ConocoPhillips had initially sought five drilling sites for the project and had called the approval of three pads the minimum number that they would find acceptable. The company had indicated that it would back out if there were fewer, saying the project would no longer be financially viable.

In addition to rejecting two of the proposed drilling sites, the people familiar with the decision said the administration also will announce that ConocoPhillips will return about 67,000 acres of land back to the government. The petroleum reserve, located about 200 miles north of the Arctic Circle, is the country’s largest single expanse of pristine land.

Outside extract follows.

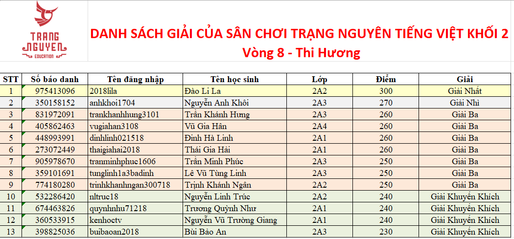 Trường Tiểu học Ba Đình thông báo kết quả Sân chơi Trạng Nguyên Tiếng Việt năm học 2025 - 2026 - Vòng sơ khảo - cấp trường - Khối 2
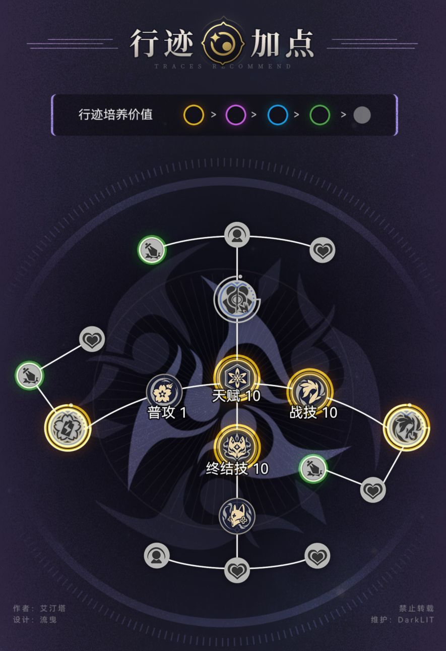 行迹加点方面,花火的行迹要优先是战技,额外能力点优先点左右两侧,最后一个额外能力就15%的攻击力,如果不是量子队是完全可以不点的。天赋和终结技的功能性和等级无关,如果是看重数值这俩从1级到都是10级,也就只是从27%增伤提升到48%增伤,成长幅度堪忧。所以说适当点点天赋和终结技的等级就行了,留到最后再升10级。

The cornerstone of Mr. Biden’s new Arctic environmental pledges, which he is expected to detail on Monday, will be a declaration that the entire Arctic Ocean will be off limits to oil and gas leasing, completing an effort that began under President Barack Obama.

The Interior Department said Mr. Biden will designate about 2.8 million acres of the Beaufort Sea in the Arctic Ocean near shore in the National Petroleum Reserve-Alaska as indefinitely off limits for future oil and gas leasing. That will ensure “this important habitat for whales, seals, polar bears, as well as for subsistence purposes, will be protected in perpetuity from extractive development,” the Interior Department said in a statement.

Mr. Obama banned drilling in portions of the Arctic Ocean’s Beaufort and Chukchi Seas, using a 1953 law that allows presidents to block the sale of offshore drilling and mining rights. President Trump later tried to open all coastal waters of the United States to oil and gas drilling, including the areas protected by the Obama administration.

In addition to the ban on new Arctic drilling, the Interior Department will issue rules to protect more than 13 million of the 23 million acres in the National Petroleum Reserve-Alaska from oil and gas leasing.

Mr. Biden also will announce protections for a number of sites in Alaska, including Teshekpuk Lake, Utukok Uplands, Colville River, Kasegaluk Lagoon and Peard Bay Special Areas.

Oil industry officials criticized the planned Arctic protections.

“In the current energy crisis, the Biden administration should be focused on strengthening U.S. energy security and standing with the working families of Alaska by supporting the responsible development of federal lands and waters — not acting to restrict it,” said Frank Macchiarola, senior vice president of policy at the American Petroleum Institute, a trade organization.